▶ **Description of the task**:
A verbatim transcription of the listing below is required, without its pictures.

▶ **Dataset extract**:

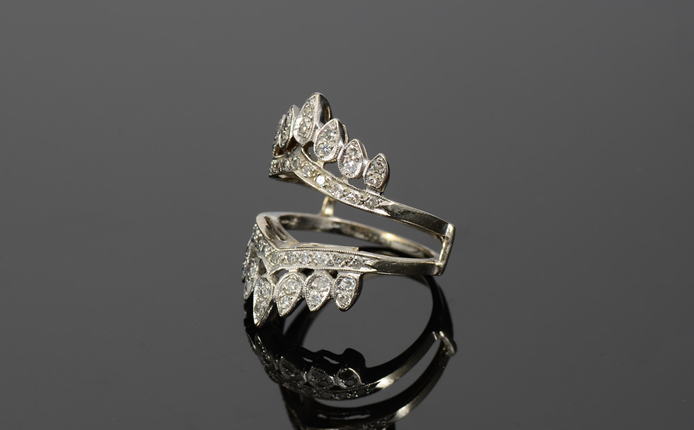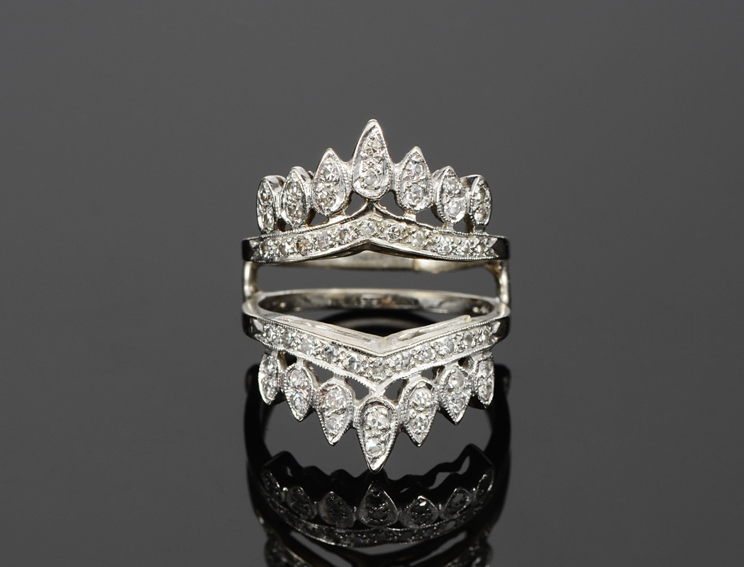 14K WHITE GOLD & DIAMOND RING JACKET: As per 1994 Jim Green Jewelers, Crystal River Florida Appraisal... ''Ladies 14k white gold diamond ring guard containing (50) single cut round diamonds weighing .50 cts diamonds are VS1/G clarity and color''. Size 8. Weight 6.5 grams. This an estate item being sold at no reserve.
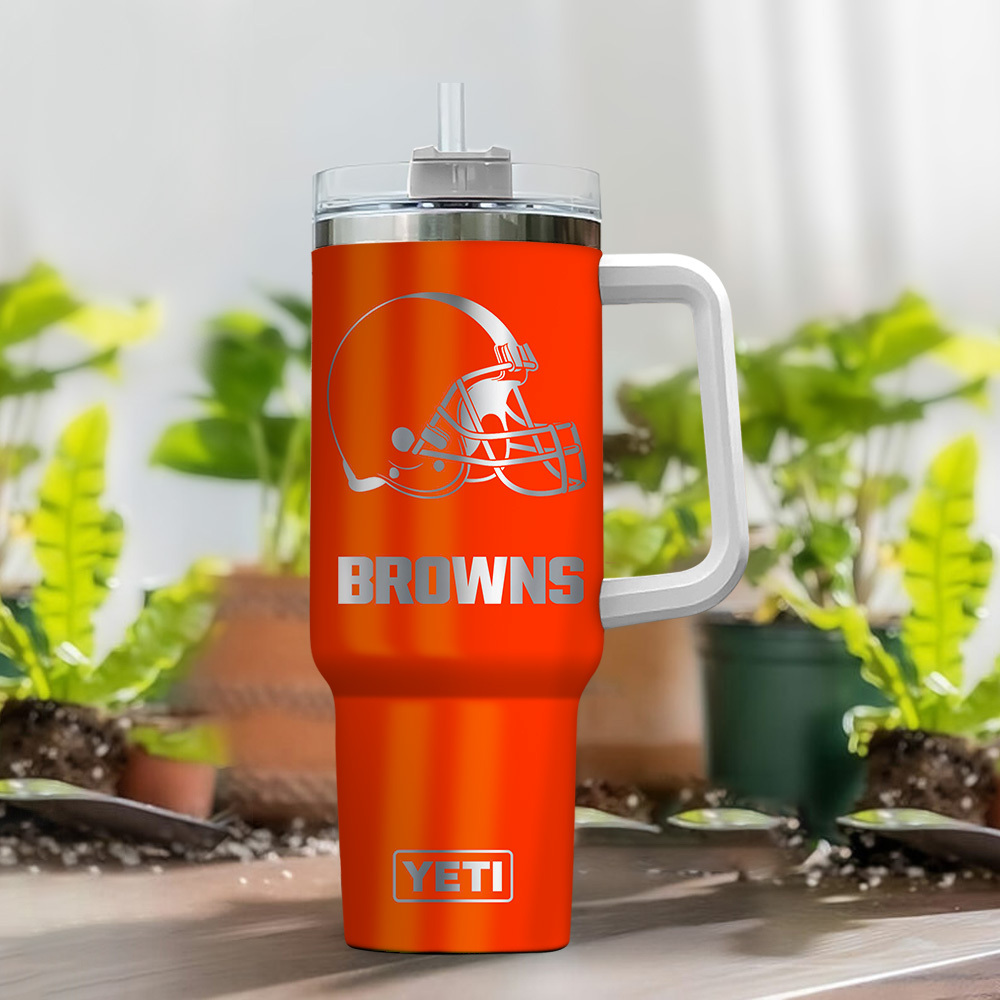 Cleveland Browns NFL Laser Engraved Effect Custom Stanley Quencher 40oz Stainless Steel Tumbler With Handle
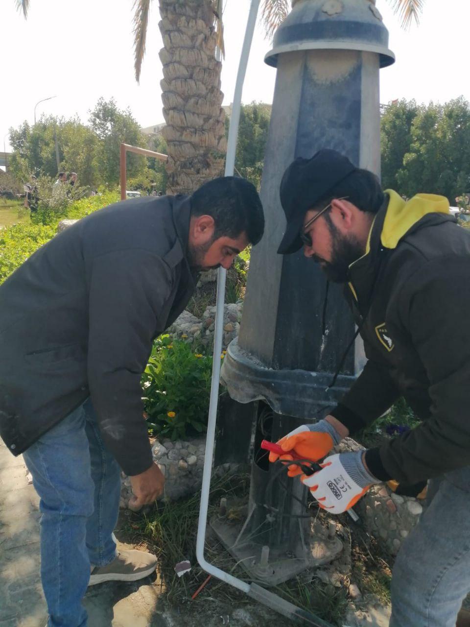 باشر قسم شؤون الديوان بجامعة البصرة أعمال صيانة أعمدة الإنارة في موقع باب الزبير.
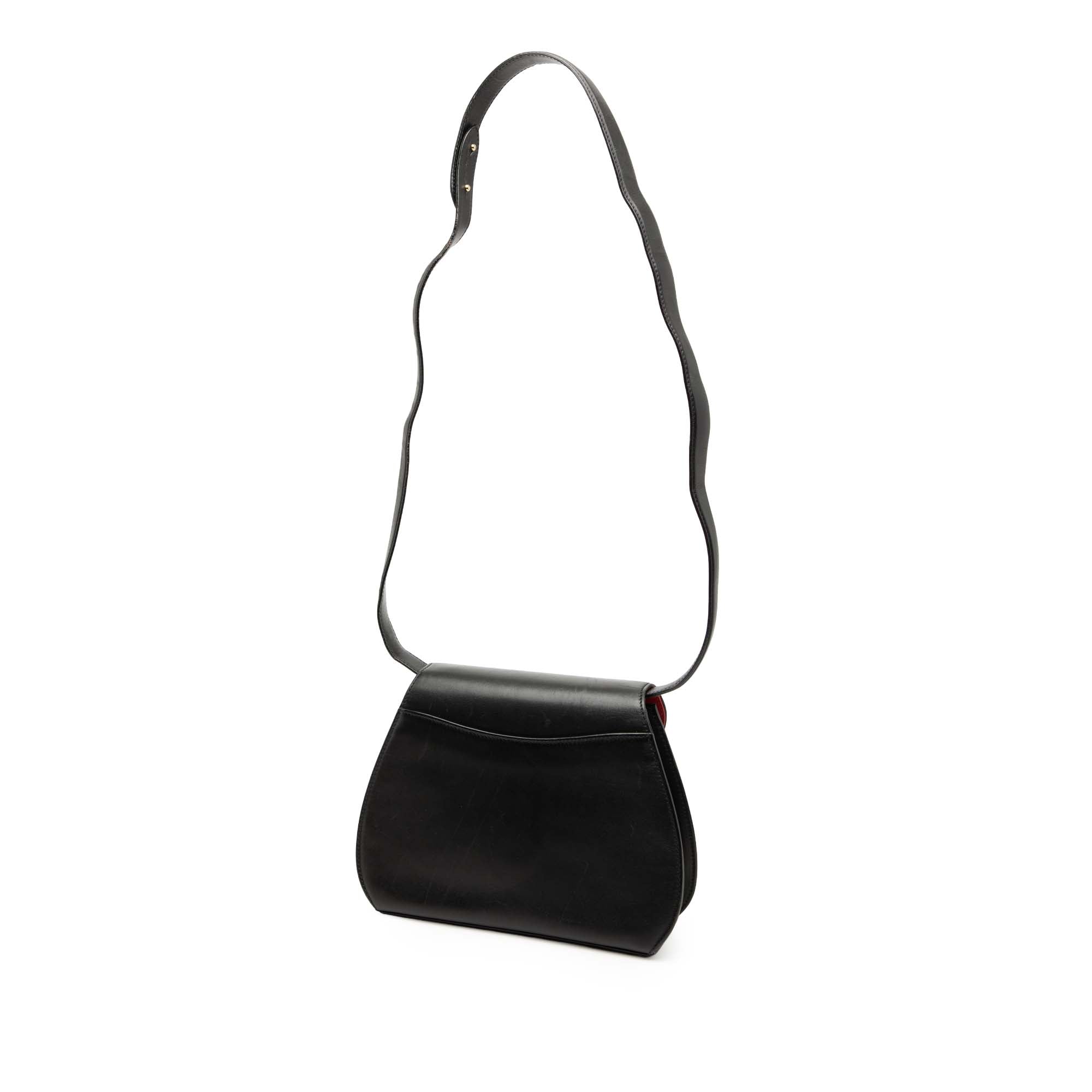 This crossbody bag features a leather body, a flat leather strap, a front flap with magnetic closure, and an interior slip pocket. Inclusion: Dust bag. Retail Price: 1200.00

▶ **Result of the exercise**:
 14K WHITE GOLD & DIAMOND RING JACKET: As per 1994 Jim Green Jewelers, Crystal River Florida Appraisal... ''Ladies 14k white gold diamond ring guard containing (50) single cut round diamonds weighing .50 cts diamonds are VS1/G clarity and color''. Size 8. Weight 6.5 grams. This an estate item being sold at no reserve.
 Cleveland Browns NFL Laser Engraved Effect Custom Stanley Quencher 40oz Stainless Steel Tumbler With Handle
 باشر قسم شؤون الديوان بجامعة البصرة أعمال صيانة أعمدة الإنارة في موقع باب الزبير.
 This crossbody bag features a leather body, a flat leather strap, a front flap with magnetic closure, and an interior slip pocket. Inclusion: Dust bag. Retail Price: 1200.00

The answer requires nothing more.